Our group was split and went to two different villages. Christina, Catherine, Dana, and Hannah went to Forok village where they were greeted by the entire village with a singsing (song and dance). This welcome was quite culturally appropriate for villagers to give for ‘whiteskin’ visitors. Our family, plus Katie and Lacey went to Bunghain village. The greeting we received was much simpler, yet we felt warmly welcomed by the family who were to watch over us during our stay there. One little boy, Ari, was the first child we met. He became like a little brother to the girls and was with us most of the time.
Our new family took us on a walk through the entire village where we were able to meet most of the people of their community. We quickly acquired a large following of children. Everyone wanted a picture with the new people. The walk took a good two hours as we also stopped to play a game of soccer in a field next to their church. After getting back to their village house, we were ready for rest and fluids.

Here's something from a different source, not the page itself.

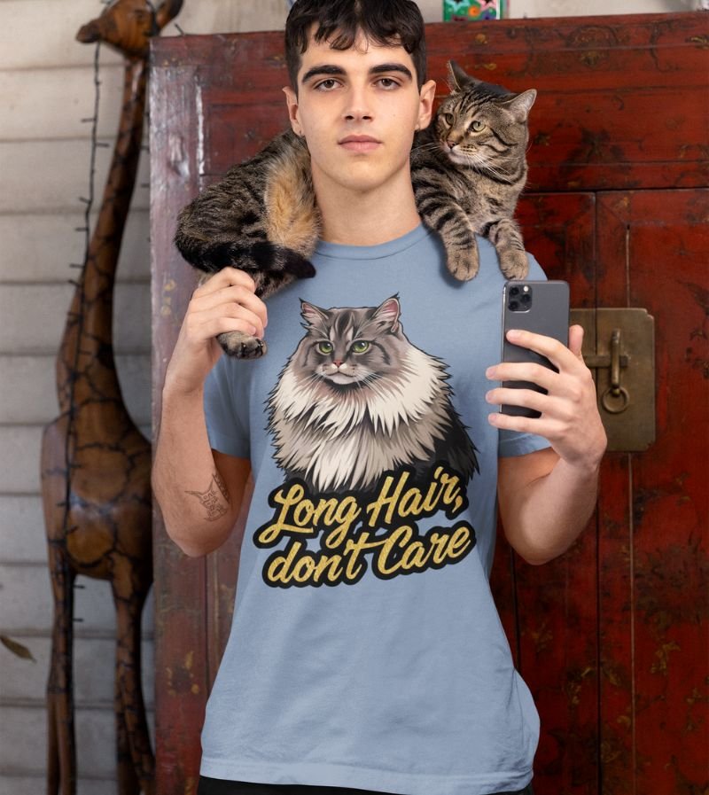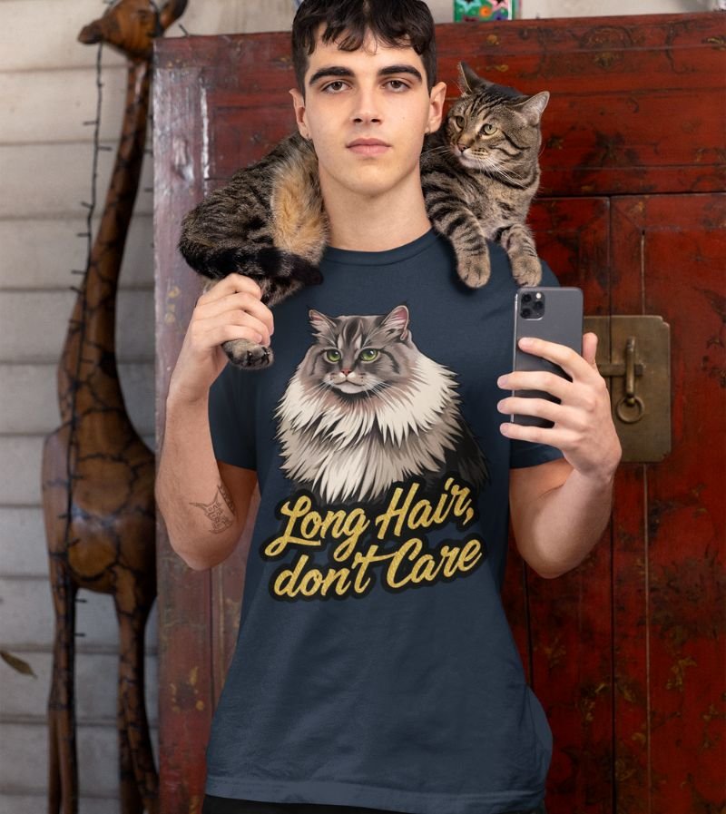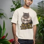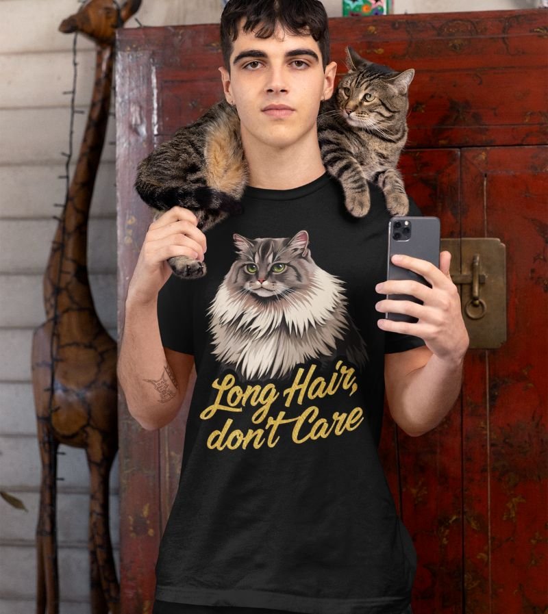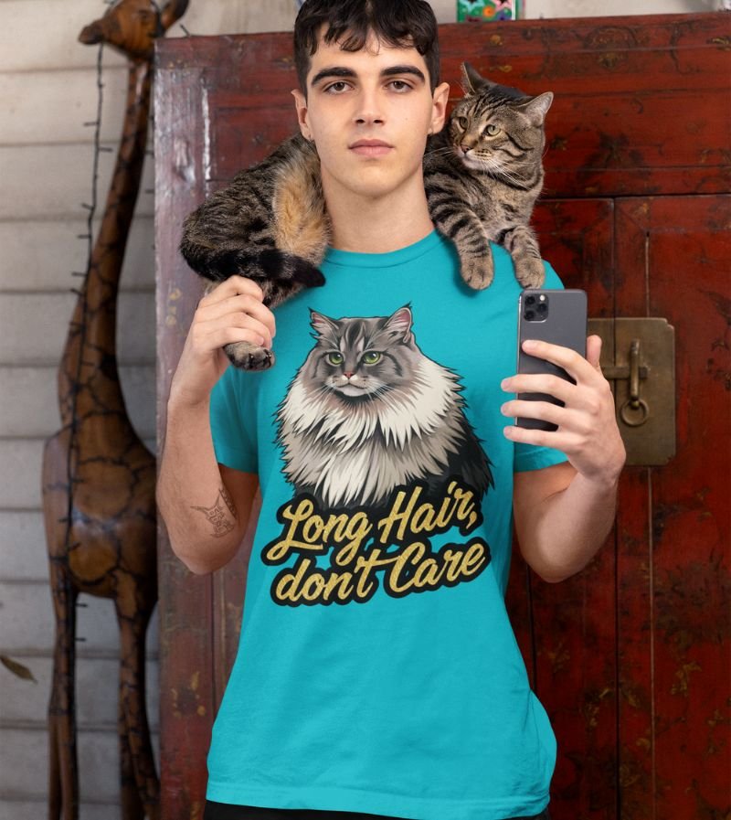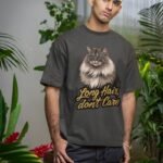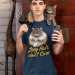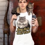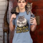 This gorgeous long-haired cat knows the secret to happiness – when you’re blessed with this much natural beauty, a little extra fur maintenance is totally worth it! With those stunning green eyes and that luxurious flowing coat, this design celebrates every fluffy feline who’s mastered the art of looking absolutely magnificent while leaving their signature everywhere.

One of the teen boys quickly grabbed his machete and headed up the nearest coconut palm. The girls each got their own refreshing kulau drink. That evening the women prepared a meal of sago, greens, fish, and fruit. Our palettes were not yet adjusted to PNG food, but we all made our best attempt to eat the flubber-like sago paste.
What we were not able to eat was quickly past around to others.
The following morning we got the opportunity of see the process of making sago and also visited one of their gardens. While the girls continued to play with the children, Molly and I learned many new words in their ‘tok ples’ (language). Emily continued to have her new friend, Ari, by her side ready to play soccer. Before we left she gave him the soccer ball.
The gifts we received of learning their culture and some of their language was priceless to us. The people of PNG are so generous and kind. They were truly interested in becoming friends even though we would only be in their village for 24 hours. Their laughter and joy brought a continual smile to our faces.